Start of Block

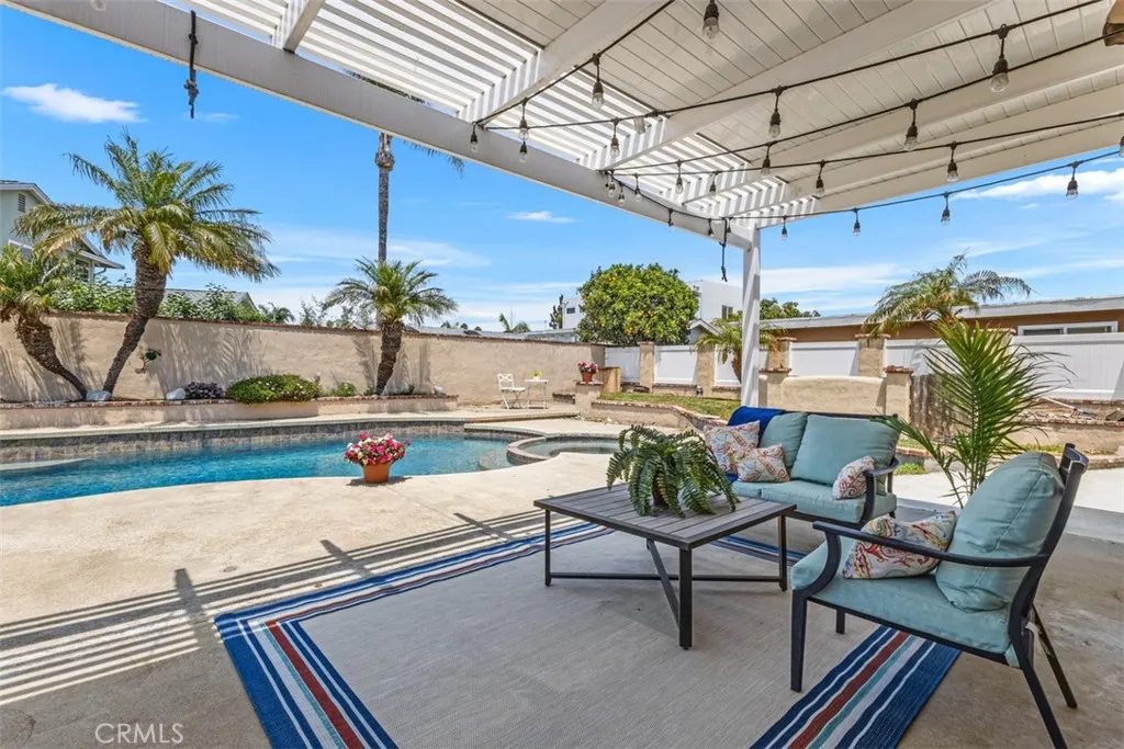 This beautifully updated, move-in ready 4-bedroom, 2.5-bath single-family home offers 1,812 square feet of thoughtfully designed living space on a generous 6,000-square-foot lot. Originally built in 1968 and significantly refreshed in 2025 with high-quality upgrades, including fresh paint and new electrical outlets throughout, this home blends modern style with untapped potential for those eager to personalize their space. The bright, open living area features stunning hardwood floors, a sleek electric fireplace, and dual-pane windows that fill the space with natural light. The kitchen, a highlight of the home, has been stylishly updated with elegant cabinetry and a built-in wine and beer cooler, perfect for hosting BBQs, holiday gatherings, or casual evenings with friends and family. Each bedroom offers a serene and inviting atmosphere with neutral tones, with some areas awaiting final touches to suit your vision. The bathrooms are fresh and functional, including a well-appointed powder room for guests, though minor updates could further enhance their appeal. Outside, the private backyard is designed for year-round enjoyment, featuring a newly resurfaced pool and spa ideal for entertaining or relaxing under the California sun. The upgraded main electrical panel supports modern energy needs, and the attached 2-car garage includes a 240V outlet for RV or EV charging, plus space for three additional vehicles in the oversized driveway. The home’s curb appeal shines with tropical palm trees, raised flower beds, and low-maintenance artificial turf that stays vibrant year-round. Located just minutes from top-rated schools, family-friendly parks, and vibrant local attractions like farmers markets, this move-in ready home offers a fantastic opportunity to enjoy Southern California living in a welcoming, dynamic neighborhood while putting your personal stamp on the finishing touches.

End of Block
Start of Block

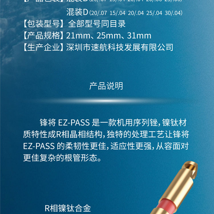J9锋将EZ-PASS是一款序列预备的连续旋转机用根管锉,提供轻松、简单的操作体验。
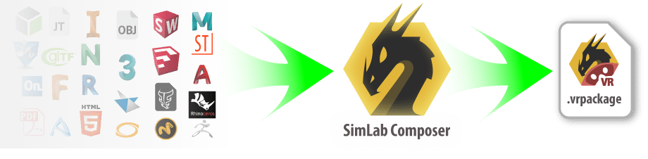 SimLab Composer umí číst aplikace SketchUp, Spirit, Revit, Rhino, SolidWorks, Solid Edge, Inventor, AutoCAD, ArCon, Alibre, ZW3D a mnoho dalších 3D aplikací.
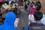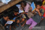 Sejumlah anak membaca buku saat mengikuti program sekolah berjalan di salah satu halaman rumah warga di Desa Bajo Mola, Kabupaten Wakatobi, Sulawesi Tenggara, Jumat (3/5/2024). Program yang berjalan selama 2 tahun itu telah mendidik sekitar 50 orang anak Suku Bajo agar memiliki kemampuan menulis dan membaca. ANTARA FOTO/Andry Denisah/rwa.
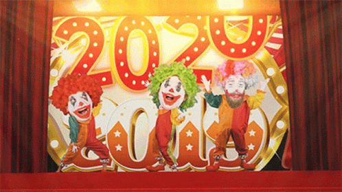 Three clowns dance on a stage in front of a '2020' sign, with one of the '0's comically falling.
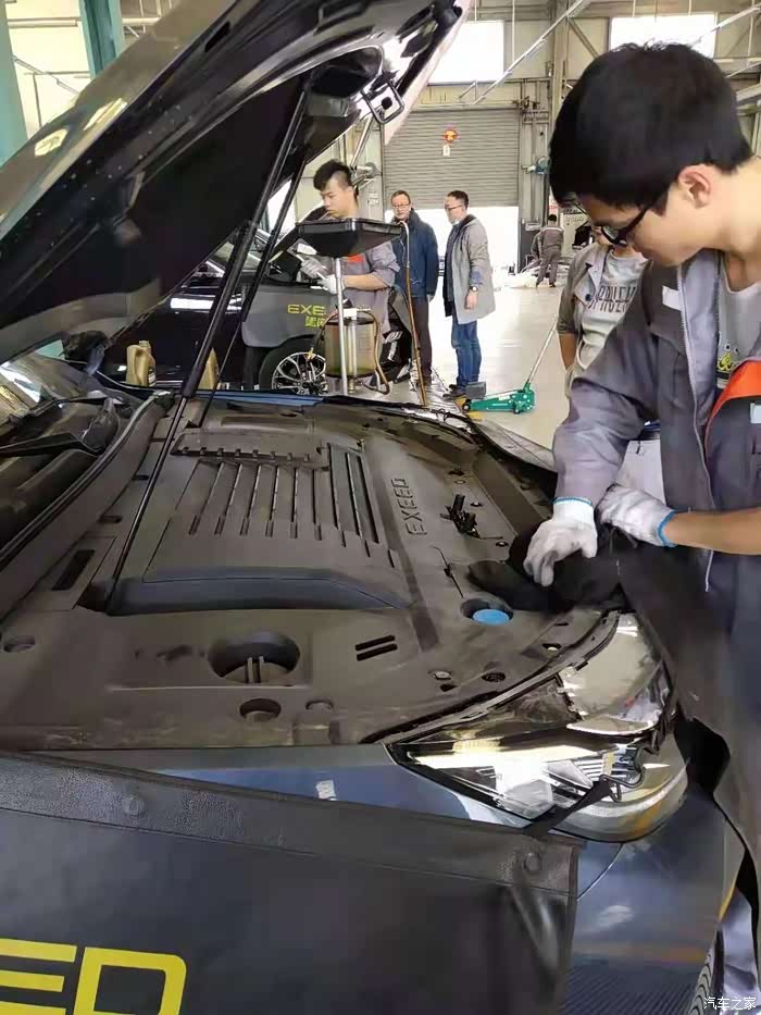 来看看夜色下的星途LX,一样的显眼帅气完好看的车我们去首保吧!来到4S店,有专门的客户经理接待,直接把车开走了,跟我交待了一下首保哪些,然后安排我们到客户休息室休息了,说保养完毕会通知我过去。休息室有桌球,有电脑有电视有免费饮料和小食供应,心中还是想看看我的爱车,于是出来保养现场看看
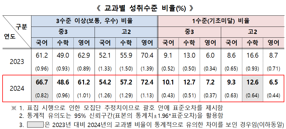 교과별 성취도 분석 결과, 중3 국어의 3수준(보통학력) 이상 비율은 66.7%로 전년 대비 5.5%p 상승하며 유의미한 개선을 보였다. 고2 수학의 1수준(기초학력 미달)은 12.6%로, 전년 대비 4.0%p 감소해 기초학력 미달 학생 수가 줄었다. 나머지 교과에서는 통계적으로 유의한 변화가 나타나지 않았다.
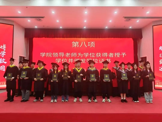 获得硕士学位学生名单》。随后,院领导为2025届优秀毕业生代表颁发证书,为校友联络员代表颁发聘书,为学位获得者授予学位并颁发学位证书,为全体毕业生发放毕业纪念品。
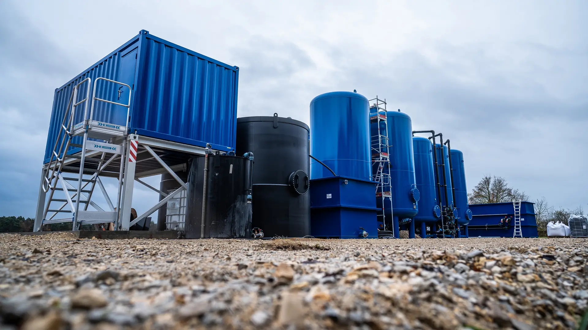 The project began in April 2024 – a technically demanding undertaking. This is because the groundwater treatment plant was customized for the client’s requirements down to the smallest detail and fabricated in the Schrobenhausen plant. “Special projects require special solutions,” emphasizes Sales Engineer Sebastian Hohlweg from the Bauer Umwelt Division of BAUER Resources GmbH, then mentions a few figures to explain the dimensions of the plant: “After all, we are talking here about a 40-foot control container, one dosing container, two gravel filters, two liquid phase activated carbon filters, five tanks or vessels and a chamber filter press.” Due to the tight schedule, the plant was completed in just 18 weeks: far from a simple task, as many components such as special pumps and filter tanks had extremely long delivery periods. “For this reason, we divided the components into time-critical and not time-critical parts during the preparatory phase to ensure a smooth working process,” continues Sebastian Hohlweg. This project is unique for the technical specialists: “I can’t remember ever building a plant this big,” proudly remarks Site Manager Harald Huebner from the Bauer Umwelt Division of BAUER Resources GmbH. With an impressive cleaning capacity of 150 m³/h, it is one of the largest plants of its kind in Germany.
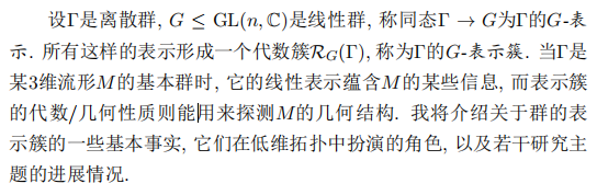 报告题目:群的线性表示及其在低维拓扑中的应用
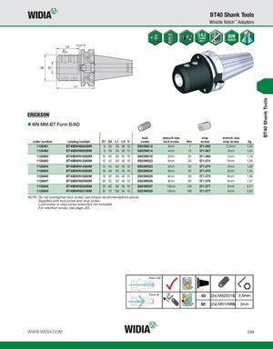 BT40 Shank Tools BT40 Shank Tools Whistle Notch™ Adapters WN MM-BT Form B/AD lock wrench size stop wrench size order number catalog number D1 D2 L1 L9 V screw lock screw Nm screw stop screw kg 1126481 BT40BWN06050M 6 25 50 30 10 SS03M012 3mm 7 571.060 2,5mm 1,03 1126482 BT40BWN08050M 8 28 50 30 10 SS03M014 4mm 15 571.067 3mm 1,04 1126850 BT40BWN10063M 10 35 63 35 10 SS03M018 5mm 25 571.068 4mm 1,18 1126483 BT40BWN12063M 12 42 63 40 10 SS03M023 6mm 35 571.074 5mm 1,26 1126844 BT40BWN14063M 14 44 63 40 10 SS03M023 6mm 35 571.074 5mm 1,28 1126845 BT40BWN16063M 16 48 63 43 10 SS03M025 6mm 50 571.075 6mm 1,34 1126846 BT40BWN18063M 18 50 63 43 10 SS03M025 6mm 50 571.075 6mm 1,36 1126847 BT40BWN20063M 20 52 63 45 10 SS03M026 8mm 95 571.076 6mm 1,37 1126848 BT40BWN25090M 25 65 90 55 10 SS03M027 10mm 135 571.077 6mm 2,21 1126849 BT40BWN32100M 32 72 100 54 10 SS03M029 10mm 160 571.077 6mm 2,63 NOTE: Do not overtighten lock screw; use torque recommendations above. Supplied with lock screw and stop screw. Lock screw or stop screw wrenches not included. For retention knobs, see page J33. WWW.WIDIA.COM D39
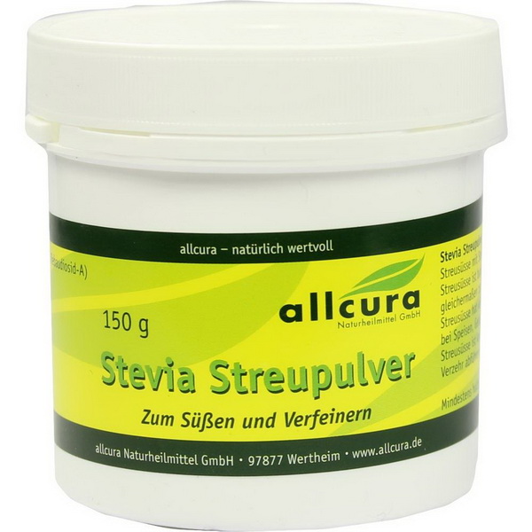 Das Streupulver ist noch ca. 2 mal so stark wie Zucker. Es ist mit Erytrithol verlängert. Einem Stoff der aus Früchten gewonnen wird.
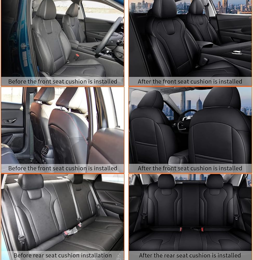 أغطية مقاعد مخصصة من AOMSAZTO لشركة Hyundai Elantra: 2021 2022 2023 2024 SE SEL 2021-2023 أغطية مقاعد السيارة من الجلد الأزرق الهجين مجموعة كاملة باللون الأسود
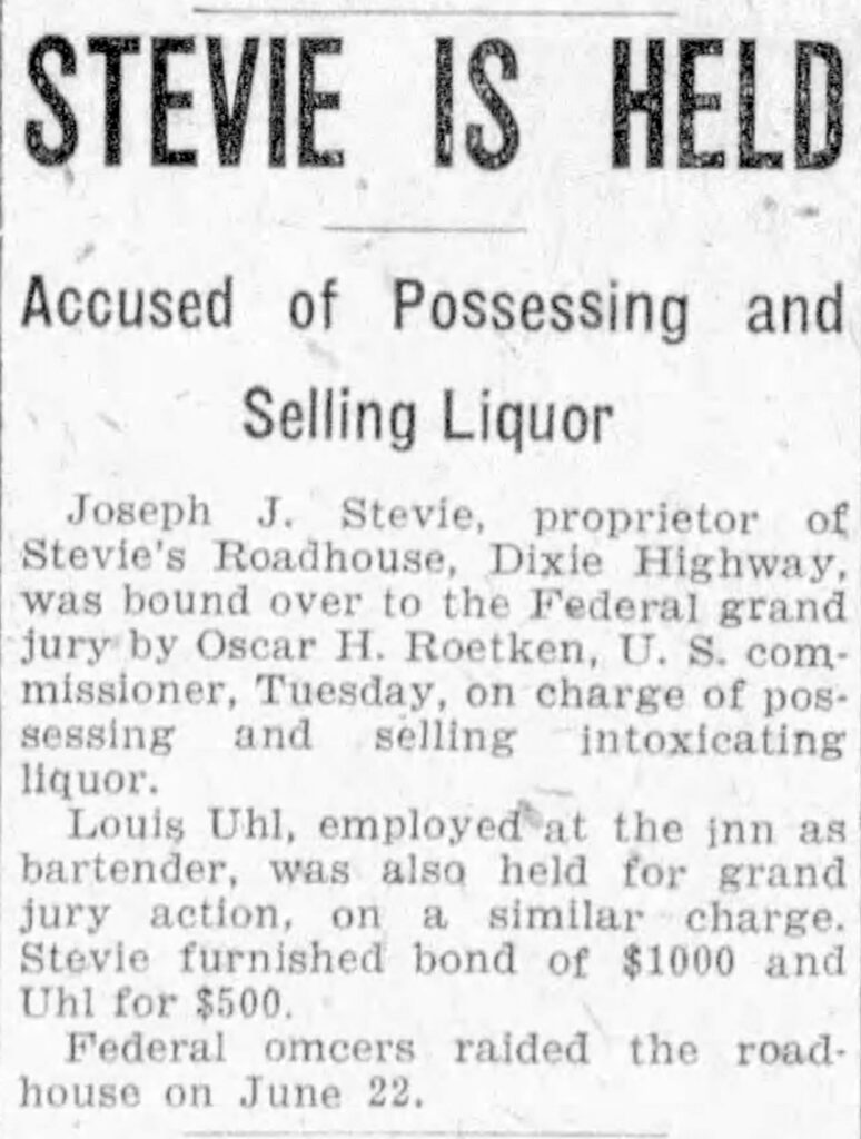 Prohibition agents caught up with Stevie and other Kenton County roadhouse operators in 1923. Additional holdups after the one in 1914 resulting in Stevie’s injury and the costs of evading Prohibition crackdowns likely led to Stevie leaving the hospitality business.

End of Block

**Brief**
Extract, without any images, the part of the material above that opens with the line containing "J9锋将EZ-PASS是一款" and closes with the line containing "교과별 성취도 분석 결과, 중3", both lines included.

**Response to the exercise**
J9锋将EZ-PASS是一款序列预备的连续旋转机用根管锉,提供轻松、简单的操作体验。
 SimLab Composer umí číst aplikace SketchUp, Spirit, Revit, Rhino, SolidWorks, Solid Edge, Inventor, AutoCAD, ArCon, Alibre, ZW3D a mnoho dalších 3D aplikací.
 Sejumlah anak membaca buku saat mengikuti program sekolah berjalan di salah satu halaman rumah warga di Desa Bajo Mola, Kabupaten Wakatobi, Sulawesi Tenggara, Jumat (3/5/2024). Program yang berjalan selama 2 tahun itu telah mendidik sekitar 50 orang anak Suku Bajo agar memiliki kemampuan menulis dan membaca. ANTARA FOTO/Andry Denisah/rwa.
 Three clowns dance on a stage in front of a '2020' sign, with one of the '0's comically falling.
 来看看夜色下的星途LX,一样的显眼帅气完好看的车我们去首保吧!来到4S店,有专门的客户经理接待,直接把车开走了,跟我交待了一下首保哪些,然后安排我们到客户休息室休息了,说保养完毕会通知我过去。休息室有桌球,有电脑有电视有免费饮料和小食供应,心中还是想看看我的爱车,于是出来保养现场看看
 교과별 성취도 분석 결과, 중3 국어의 3수준(보통학력) 이상 비율은 66.7%로 전년 대비 5.5%p 상승하며 유의미한 개선을 보였다. 고2 수학의 1수준(기초학력 미달)은 12.6%로, 전년 대비 4.0%p 감소해 기초학력 미달 학생 수가 줄었다. 나머지 교과에서는 통계적으로 유의한 변화가 나타나지 않았다.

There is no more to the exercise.